- _Extracted material_:
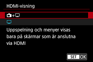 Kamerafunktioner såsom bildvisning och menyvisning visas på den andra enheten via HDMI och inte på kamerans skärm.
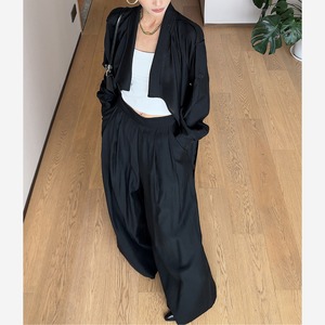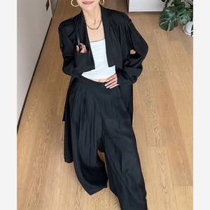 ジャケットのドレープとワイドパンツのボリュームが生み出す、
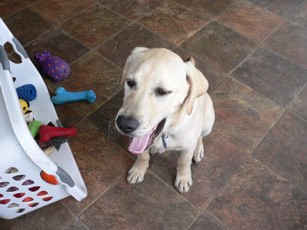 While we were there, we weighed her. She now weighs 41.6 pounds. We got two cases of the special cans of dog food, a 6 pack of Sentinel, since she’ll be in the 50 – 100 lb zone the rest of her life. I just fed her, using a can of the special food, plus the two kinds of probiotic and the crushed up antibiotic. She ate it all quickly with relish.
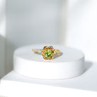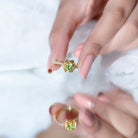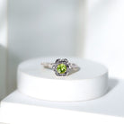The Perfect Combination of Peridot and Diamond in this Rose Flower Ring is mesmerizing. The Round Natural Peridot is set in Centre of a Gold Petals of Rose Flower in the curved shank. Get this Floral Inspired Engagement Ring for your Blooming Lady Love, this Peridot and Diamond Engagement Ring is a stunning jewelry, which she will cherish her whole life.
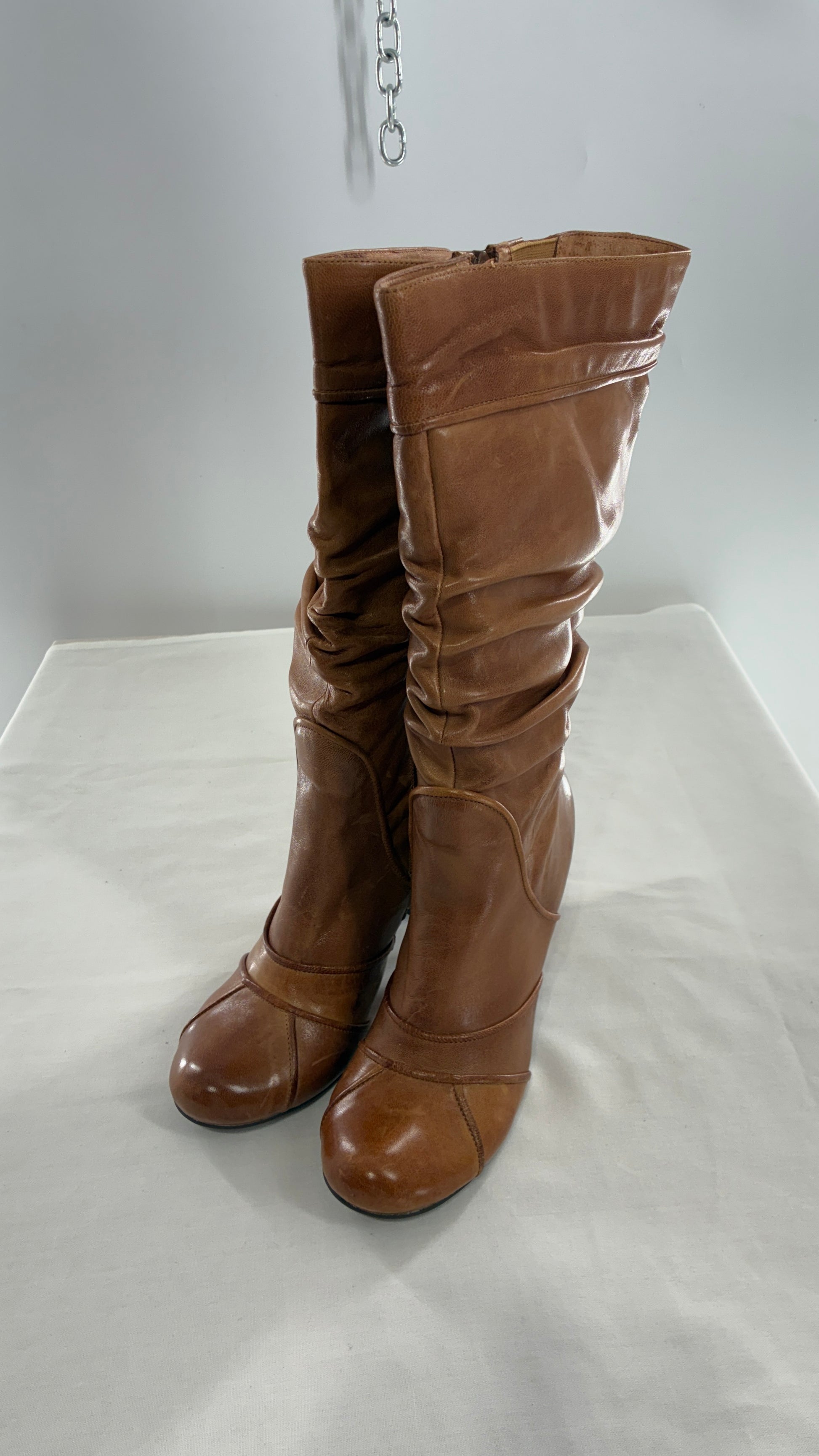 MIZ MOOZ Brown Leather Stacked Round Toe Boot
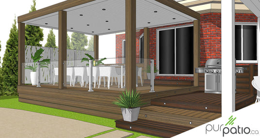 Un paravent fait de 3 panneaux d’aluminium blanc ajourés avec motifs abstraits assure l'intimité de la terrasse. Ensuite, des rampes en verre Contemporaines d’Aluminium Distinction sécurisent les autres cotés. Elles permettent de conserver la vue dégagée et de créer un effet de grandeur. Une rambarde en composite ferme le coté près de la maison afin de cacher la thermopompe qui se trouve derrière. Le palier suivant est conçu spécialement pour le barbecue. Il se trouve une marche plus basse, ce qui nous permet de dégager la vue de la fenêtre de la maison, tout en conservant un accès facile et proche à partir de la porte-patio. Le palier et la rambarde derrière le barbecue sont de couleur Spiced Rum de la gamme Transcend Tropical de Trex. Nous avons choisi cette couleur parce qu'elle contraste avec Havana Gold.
--
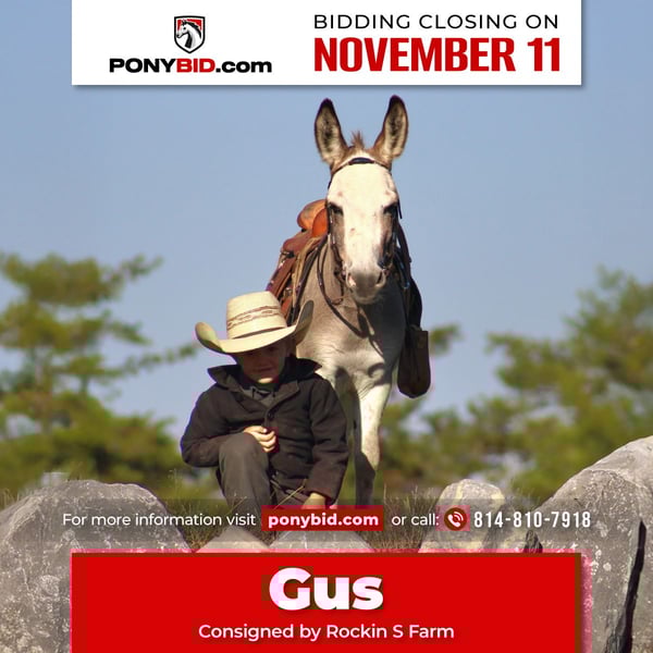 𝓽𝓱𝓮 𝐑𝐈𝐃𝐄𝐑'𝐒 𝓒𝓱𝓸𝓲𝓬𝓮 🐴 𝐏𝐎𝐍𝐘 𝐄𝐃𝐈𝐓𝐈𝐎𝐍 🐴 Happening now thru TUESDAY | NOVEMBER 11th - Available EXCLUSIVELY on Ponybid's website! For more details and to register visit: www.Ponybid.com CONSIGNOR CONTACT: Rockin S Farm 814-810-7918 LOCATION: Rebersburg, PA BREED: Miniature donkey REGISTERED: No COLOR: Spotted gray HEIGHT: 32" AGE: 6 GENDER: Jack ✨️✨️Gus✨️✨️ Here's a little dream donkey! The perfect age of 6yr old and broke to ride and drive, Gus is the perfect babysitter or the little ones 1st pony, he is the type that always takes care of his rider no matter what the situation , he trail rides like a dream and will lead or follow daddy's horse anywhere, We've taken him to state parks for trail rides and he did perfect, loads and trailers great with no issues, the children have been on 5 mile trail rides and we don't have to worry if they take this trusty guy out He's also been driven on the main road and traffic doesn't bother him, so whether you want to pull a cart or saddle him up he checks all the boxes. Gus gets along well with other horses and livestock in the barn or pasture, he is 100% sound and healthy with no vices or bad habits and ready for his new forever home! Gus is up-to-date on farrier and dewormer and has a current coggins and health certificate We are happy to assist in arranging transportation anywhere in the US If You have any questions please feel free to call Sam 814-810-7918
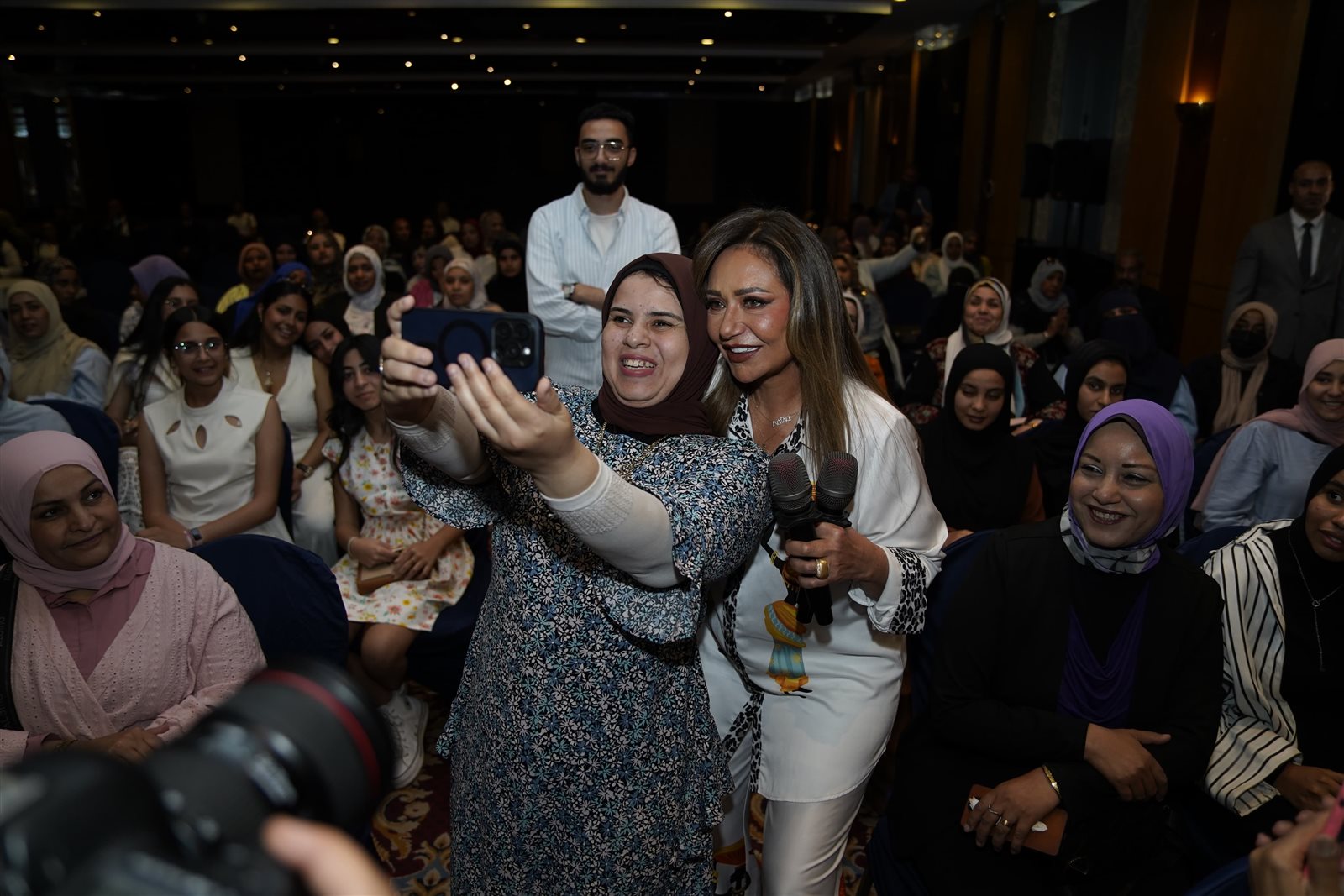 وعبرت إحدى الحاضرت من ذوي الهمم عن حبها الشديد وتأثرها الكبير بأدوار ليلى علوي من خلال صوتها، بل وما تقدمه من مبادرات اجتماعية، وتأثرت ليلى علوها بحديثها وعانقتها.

- _What is being asked_:
Find where the line with "While we were" sits in the material above and where the line with "Un paravent fait" sits. Set down exactly the lines from the first to the second, both included and nothing else, without pictures.

- _Exercise output_:
 While we were there, we weighed her. She now weighs 41.6 pounds. We got two cases of the special cans of dog food, a 6 pack of Sentinel, since she’ll be in the 50 – 100 lb zone the rest of her life. I just fed her, using a can of the special food, plus the two kinds of probiotic and the crushed up antibiotic. She ate it all quickly with relish.
The Perfect Combination of Peridot and Diamond in this Rose Flower Ring is mesmerizing. The Round Natural Peridot is set in Centre of a Gold Petals of Rose Flower in the curved shank. Get this Floral Inspired Engagement Ring for your Blooming Lady Love, this Peridot and Diamond Engagement Ring is a stunning jewelry, which she will cherish her whole life.
 MIZ MOOZ Brown Leather Stacked Round Toe Boot
 Un paravent fait de 3 panneaux d’aluminium blanc ajourés avec motifs abstraits assure l'intimité de la terrasse. Ensuite, des rampes en verre Contemporaines d’Aluminium Distinction sécurisent les autres cotés. Elles permettent de conserver la vue dégagée et de créer un effet de grandeur. Une rambarde en composite ferme le coté près de la maison afin de cacher la thermopompe qui se trouve derrière. Le palier suivant est conçu spécialement pour le barbecue. Il se trouve une marche plus basse, ce qui nous permet de dégager la vue de la fenêtre de la maison, tout en conservant un accès facile et proche à partir de la porte-patio. Le palier et la rambarde derrière le barbecue sont de couleur Spiced Rum de la gamme Transcend Tropical de Trex. Nous avons choisi cette couleur parce qu'elle contraste avec Havana Gold.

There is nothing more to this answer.